The more I think about it, the more I believe it’s neither of us. It’s the system! The system still perpetuates the old 3R method of teaching. Read, remember and regurgitate. Even when it’s been proven that, within three months of the completion of the course, the student only retains ten percent of what they learned. Within a year, the retention is down to one percent or less. What a colossal waste of time and college funds!

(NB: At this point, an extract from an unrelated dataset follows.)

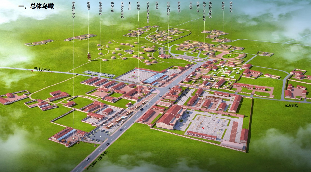 本项目紧抓乡村全面振兴和审美养心生命游的发展机遇,顺应青海省打造国际生态旅游目的地、创建青海湖国家公园及红色海晏的发展大势,以两弹一星、国营221厂等红色资源为引领,依托极具年代感、穿越感、旧时光、岁月痕迹遍地的游牧自然村落,以年代记忆为切入点,以“再现年代记忆·感悟时光托勒”为理念,承牧续绿出新,传承牧村托勒、延续生态托勒、升级托勒公社,创新产品内容,差异化打造“年代怀旧主题网红牧村”,发展国家公园入口经济,实现从老牌牧业村向新生旅游村的转变。最终打造集托勒年代记忆展示、年代记忆消费、牧村民俗互动、牧村沉浸住宿等功能于一体的:怀旧主题型枚区场景生活体验地。

So, according to those who throw around the G. B. Shaw quote, teachers are a bunch of clowns. One of my colleagues, tongue in cheek, does refer to teaching as edutainment. With that said, maybe Chuckles the Clown, the often-mentioned and seldom seen children's television show host character on the vintage seventies sit com, The Mary Tyler Moore Show was right. Chuckles philosophy was, “a little song, a little dance, a little seltzer down your pants.” Sure, some days, I’m tap dancing up there. But every day, I’m giving it my all and that’s what prompted this entry.

It is like corralling cats! Students don’t read, fully understand or follow directions. They paradoxically want the instructor to tell them point-by-point what to do while grumbling about the restrictions. They truly believe that life outside of the institution is better and more structured than it is in the classroom. They want real-life experiences yet, they can’t or won’t allow themselves room for failure. The system is grade and cum driven and their only goal is the grade or GPA. And, the only way they can reach their goal is by absolutely knowing what is required to reach that goal and no more.

The other day in class, I was trying to illustrate how this system is so similar to a recipe. Any fool with a minimum of culinary instruction can follow a recipe – ah; read, react and recreate as specified! But even this comfort level is compromised by the fact that they don’t willingly read, fully understand and completely follow the recipe. I told them that when I was in charge of hiring cooks that I stayed away from a certain institute's students. They could not function beyond the confines of the recipe. Instead, I hired cooks who had a solid comprehension of culinary basics. They were better able to “think outside the box” and were higher functioning.

Every time I enter the classroom I try to live up to my perspective of what it is I believe I contribute to their educational experience. The effort is guided by my creed; I do what I teach and teach what I do. Walt Disney encouraged and empowered his staff to dream and believe; to dare and to do. It is as I said earlier, like corralling cats in the classroom. But, what keeps me going is what happened today when five of my seven marketing project groups successfully delivered their first progressive presentations. Watching and listening and evaluating and assessing every word, graphic and point of delivery this morning, I felt as though I got through to them.

They finally forgot about failure and restrictive context parameters - the recipe - and allowed themselves to be as close to being real marketers as they could be. A couple of the groups gave me that and a whole lot more. I was at peace with myself and my god; feeling, that if I had to exit the planet at that moment, I would be okay with it. Saint Francis of Assisi prayed to be a channel to bring truth where there is error and faith where there is doubt and hope where there is despair. I hope I’m real close to accomplishing that.

Alvin Toffler who wrote Future Shock, one of the seventies' best sellers wrote that, "the illiterate of the 21st century will not be those who cannot read and write, but those who cannot learn, unlearn, and relearn." I’m sure it goes for teachers as well.